_Task details_
Write out the following listing's lines from the one with "Đồng chí Hồ" to the one with "Modern shower room", exactly, with both included and no others.

_Data for processing_
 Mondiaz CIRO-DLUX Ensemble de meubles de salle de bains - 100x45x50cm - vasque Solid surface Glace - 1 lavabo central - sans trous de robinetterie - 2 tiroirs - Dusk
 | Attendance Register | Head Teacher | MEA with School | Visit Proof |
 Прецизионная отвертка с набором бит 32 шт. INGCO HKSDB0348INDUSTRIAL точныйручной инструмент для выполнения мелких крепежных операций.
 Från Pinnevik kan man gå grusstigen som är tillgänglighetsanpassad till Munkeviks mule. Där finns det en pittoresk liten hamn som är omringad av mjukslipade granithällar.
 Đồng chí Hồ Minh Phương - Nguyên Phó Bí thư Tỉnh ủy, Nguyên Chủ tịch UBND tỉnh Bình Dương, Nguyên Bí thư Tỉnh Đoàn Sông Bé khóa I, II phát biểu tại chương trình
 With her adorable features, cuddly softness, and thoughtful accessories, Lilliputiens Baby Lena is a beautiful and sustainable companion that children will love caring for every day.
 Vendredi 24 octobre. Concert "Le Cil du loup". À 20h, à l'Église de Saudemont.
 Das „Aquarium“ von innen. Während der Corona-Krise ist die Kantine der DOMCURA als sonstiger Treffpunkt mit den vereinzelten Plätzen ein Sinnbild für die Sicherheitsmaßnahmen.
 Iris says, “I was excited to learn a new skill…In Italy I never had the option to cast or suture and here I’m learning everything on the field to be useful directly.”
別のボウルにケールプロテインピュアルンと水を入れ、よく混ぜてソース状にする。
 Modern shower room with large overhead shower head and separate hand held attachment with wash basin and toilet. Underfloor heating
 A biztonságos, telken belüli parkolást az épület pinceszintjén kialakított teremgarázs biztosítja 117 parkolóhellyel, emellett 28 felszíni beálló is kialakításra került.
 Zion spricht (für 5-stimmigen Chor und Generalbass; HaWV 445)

_Task result_
 Đồng chí Hồ Minh Phương - Nguyên Phó Bí thư Tỉnh ủy, Nguyên Chủ tịch UBND tỉnh Bình Dương, Nguyên Bí thư Tỉnh Đoàn Sông Bé khóa I, II phát biểu tại chương trình
 With her adorable features, cuddly softness, and thoughtful accessories, Lilliputiens Baby Lena is a beautiful and sustainable companion that children will love caring for every day.
 Vendredi 24 octobre. Concert "Le Cil du loup". À 20h, à l'Église de Saudemont.
 Das „Aquarium“ von innen. Während der Corona-Krise ist die Kantine der DOMCURA als sonstiger Treffpunkt mit den vereinzelten Plätzen ein Sinnbild für die Sicherheitsmaßnahmen.
 Iris says, “I was excited to learn a new skill…In Italy I never had the option to cast or suture and here I’m learning everything on the field to be useful directly.”
別のボウルにケールプロテインピュアルンと水を入れ、よく混ぜてソース状にする。
 Modern shower room with large overhead shower head and separate hand held attachment with wash basin and toilet. Underfloor heating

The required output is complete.